Mehta Hemal, Fraser-Bell Samantha, Nguyen Vuong, Lim Lyndell L, Gillies Mark C
The Save Sight and Eye Health Institute, Sydney Medical School, University of Sydney, Sydney, Australia; The Royal Free London NHS Foundation Trust, London, United Kingdom.
The Save Sight and Eye Health Institute, Sydney Medical School, University of Sydney, Sydney, Australia.
Ophthalmol Retina. 2018 Mar;2(3):231-234. doi: 10.1016/j.oret.2017.06.010. Epub 2017 Aug 23.
To report increasing retreatment interval of intravitreal bevacizumab and dexamethasone implants for diabetic macular edema (DME) in the BEVORDEX trial.
Multicenter randomized clinical trial.
Sixty-eight eyes from 47 patients who completed 2 years of follow-up.
The BEVORDEX study (www.clinicaltrials.gov identifier, NCT01298076), set in Australia, was the first head-to-head trial of bevacizumab (Avastin; Genentech, South San Francisco, CA), with retreatment considered after 4 weeks, versus a slow-release dexamethasone implant (Ozurdex; Allergan Inc., Irvine, CA), with retreatment possible after 16 weeks, for center-involving DME. Study eyes were assessed every 4 weeks for retreatment according to prespecified visual acuity and central macular thickness criteria. In this post hoc analysis, changes in treatment interval over time were examined using mixed-effects regression models. We assessed whether the mean treatment interval changed over time and if this depended on baseline characteristics or the treatment received.
Of the 68 eyes from 47 patients, 67 study eyes received at least 1 retreatment (1 eye in the dexamethasone implant group did not require retreatment over 24 months). Thirty-two eyes received bevacizumab and 35 eyes received dexamethasone implants. Study eyes received a mean of 14.6 injections (standard deviation [SD], 7.8 injections) and 5.6 injections (SD, 1.4 injections) in the bevacizumab and dexamethasone groups, respectively, over 2 years. The mean retreatment interval over the 2-year follow-up period was 70.8 days (SD, 43.8 days) for the bevacizumab group and 145 days (SD, 45.4 days) for the dexamethasone implant group. The mean treatment interval increased over time for both drugs (P = 0.016), independent of which treatment was received (P = 0.808). Longer treatment interval over time was associated with younger age (P = 0.037) and better baseline visual acuity (P = 0.026), but not with gender (P = 0.907) or baseline central macular thickness (P = 0.900).

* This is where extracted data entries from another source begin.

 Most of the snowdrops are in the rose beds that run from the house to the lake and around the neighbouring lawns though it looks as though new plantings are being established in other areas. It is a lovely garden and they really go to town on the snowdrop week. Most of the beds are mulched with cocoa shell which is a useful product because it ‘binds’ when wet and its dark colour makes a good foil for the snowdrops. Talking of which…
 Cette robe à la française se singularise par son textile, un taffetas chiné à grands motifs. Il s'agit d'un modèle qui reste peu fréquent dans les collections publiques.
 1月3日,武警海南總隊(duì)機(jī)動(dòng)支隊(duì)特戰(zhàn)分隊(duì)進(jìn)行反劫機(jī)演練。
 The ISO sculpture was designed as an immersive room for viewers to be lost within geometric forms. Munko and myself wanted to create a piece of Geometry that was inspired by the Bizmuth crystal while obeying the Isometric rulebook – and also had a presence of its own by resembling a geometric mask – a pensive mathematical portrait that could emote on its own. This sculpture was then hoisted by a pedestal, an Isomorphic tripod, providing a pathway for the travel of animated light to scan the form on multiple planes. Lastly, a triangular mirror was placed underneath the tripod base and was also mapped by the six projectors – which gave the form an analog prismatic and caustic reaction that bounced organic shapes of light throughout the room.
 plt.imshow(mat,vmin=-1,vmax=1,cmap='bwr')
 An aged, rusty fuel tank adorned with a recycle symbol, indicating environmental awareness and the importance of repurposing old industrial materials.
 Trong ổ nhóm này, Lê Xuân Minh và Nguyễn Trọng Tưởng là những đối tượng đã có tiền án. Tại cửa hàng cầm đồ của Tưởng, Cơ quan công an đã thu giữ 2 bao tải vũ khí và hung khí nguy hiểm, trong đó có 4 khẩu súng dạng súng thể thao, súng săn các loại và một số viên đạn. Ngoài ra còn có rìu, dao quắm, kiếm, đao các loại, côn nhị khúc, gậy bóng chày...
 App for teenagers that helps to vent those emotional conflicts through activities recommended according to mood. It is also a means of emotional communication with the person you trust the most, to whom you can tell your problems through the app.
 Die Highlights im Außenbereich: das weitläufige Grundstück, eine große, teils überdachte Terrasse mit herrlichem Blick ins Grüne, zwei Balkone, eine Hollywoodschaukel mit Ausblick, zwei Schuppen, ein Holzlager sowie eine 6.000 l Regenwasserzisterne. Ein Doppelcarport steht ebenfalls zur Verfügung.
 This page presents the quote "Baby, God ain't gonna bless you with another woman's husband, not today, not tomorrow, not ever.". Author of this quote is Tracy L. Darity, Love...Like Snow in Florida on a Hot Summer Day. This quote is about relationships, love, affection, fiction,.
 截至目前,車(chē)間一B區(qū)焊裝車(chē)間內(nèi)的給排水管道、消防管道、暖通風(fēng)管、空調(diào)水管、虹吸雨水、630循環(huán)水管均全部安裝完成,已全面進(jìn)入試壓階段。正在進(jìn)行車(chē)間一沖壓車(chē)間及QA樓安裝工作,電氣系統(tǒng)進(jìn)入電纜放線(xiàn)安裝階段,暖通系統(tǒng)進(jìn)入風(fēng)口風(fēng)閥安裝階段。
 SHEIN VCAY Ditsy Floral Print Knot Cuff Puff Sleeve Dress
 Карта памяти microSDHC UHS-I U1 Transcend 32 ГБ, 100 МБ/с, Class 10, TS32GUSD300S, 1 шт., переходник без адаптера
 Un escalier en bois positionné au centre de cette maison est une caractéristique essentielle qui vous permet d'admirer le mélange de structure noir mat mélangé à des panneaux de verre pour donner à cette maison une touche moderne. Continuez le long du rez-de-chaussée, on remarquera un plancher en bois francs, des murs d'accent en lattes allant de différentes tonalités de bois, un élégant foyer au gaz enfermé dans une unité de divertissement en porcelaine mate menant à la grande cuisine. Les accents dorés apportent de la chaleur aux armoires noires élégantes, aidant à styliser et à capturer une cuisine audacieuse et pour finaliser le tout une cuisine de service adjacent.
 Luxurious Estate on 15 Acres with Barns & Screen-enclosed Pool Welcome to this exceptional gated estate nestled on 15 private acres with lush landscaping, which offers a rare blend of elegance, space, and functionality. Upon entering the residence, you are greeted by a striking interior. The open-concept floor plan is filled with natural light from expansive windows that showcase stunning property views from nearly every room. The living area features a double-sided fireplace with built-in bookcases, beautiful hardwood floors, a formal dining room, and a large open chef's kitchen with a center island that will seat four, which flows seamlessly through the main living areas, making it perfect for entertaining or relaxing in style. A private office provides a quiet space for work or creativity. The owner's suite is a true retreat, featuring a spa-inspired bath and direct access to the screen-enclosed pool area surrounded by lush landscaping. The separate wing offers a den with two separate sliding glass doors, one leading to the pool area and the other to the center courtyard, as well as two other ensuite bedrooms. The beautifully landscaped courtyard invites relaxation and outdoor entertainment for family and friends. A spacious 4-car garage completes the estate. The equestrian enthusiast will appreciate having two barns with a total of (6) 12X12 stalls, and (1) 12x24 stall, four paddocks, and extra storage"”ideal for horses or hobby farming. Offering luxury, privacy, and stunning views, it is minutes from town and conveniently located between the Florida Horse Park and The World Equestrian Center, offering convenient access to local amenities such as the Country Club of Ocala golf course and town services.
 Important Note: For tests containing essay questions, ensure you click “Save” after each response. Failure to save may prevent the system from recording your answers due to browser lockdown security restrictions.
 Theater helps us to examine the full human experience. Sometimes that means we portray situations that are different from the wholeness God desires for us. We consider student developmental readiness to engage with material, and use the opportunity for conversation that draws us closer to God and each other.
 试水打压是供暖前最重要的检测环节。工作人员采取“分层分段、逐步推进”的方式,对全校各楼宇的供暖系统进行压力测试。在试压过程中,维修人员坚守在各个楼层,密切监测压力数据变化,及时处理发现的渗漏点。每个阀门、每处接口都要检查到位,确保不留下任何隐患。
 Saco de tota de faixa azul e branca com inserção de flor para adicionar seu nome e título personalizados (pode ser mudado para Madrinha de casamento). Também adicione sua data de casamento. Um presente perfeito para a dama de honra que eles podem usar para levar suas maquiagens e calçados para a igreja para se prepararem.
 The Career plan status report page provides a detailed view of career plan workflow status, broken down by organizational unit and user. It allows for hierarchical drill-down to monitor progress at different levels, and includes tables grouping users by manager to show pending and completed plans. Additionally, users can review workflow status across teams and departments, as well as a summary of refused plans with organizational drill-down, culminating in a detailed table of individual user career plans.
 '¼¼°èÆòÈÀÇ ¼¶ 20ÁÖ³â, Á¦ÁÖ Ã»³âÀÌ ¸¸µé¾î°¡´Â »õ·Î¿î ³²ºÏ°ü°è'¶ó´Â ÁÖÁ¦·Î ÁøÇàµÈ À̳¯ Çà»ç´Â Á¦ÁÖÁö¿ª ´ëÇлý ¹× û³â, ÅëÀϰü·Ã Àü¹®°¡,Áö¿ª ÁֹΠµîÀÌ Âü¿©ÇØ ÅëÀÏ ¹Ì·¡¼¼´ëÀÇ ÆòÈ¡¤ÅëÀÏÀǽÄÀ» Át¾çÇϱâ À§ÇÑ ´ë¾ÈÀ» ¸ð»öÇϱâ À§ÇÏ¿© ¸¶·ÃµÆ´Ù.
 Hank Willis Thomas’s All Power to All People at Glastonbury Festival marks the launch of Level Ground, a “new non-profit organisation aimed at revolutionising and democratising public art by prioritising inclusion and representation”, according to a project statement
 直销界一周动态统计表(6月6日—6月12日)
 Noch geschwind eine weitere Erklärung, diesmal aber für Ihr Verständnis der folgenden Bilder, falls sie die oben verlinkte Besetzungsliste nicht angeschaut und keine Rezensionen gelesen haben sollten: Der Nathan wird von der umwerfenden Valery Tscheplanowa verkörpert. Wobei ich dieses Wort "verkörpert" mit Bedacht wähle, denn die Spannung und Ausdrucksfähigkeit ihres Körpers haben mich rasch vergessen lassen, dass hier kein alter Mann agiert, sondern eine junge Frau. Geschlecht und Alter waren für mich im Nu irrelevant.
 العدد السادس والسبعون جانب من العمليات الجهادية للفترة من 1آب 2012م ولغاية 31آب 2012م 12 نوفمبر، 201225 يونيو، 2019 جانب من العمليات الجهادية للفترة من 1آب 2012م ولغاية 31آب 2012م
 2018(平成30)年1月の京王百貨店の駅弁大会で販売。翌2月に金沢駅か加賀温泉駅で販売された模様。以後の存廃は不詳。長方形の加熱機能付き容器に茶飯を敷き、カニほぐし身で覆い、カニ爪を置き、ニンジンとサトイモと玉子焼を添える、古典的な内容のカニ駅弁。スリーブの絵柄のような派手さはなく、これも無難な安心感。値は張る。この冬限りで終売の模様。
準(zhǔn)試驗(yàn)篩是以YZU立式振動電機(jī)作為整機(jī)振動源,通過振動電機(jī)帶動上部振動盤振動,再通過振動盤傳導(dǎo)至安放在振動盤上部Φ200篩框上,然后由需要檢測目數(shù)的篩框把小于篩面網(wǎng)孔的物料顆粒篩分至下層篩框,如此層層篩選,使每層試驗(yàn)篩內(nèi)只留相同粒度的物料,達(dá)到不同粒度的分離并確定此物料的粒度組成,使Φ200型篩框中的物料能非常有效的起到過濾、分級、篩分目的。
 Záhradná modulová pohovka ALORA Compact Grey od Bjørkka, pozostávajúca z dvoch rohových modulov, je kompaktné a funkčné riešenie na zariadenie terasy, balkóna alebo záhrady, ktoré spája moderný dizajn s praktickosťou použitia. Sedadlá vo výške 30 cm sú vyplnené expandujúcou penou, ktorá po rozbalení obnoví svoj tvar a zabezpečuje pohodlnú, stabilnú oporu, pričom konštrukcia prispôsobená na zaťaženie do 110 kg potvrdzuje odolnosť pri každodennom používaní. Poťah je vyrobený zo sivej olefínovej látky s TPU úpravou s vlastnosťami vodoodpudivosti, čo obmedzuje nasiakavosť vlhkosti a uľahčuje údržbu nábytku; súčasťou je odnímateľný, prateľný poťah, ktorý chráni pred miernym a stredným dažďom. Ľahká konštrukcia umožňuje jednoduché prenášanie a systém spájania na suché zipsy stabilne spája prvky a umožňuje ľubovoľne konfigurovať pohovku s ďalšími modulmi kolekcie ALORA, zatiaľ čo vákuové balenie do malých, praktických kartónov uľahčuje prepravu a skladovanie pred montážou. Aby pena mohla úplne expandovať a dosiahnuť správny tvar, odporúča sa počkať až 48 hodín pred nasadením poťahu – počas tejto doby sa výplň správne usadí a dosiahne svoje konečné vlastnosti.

The increase in treatment interval for both intravitreal bevacizumab and dexamethasone implants over time has implications when informing patients about potential treatment burden for DME, planning intravitreal injections services, and designing future clinical trials. For drugs with a disease-modifying effect, fixed-interval dosing may not be required beyond an initial loading phase.
报告BEVORDEX试验中玻璃体内注射贝伐单抗和地塞米松植入物治疗糖尿病性黄斑水肿(DME)的再治疗间隔时间延长情况。
多中心随机临床试验。
47例患者的68只眼睛完成了2年的随访。
47例患者的68只眼中,67只研究眼至少接受了1次再治疗(地塞米松植入物组有1只眼在24个月内无需再治疗)。32只眼接受了贝伐单抗治疗,35只眼接受了地塞米松植入物治疗。在2年时间里,贝伐单抗组和地塞米松组的研究眼分别平均接受了14.6次注射(标准差[SD],7.8次注射)和5.6次注射(SD,1.4次注射)。在2年的随访期内,贝伐单抗组的平均再治疗间隔为70.8天(SD,43.8天),地塞米松植入物组为145天(SD,45.4天)。两种药物的平均治疗间隔均随时间增加(P = 0.016),与所接受的治疗无关(P = 0.808)。随着时间推移,治疗间隔延长与年龄较小(P = 0.037)和基线视力较好(P = 0.026)相关,但与性别(P = 0.907)或基线中心黄斑厚度(P = 0.900)无关。
随着时间推移,玻璃体内注射贝伐单抗和地塞米松植入物的治疗间隔增加,这在告知患者DME潜在治疗负担、规划玻璃体内注射服务以及设计未来临床试验时具有重要意义。对于具有疾病改善作用的药物,在初始负荷阶段之后可能无需固定间隔给药。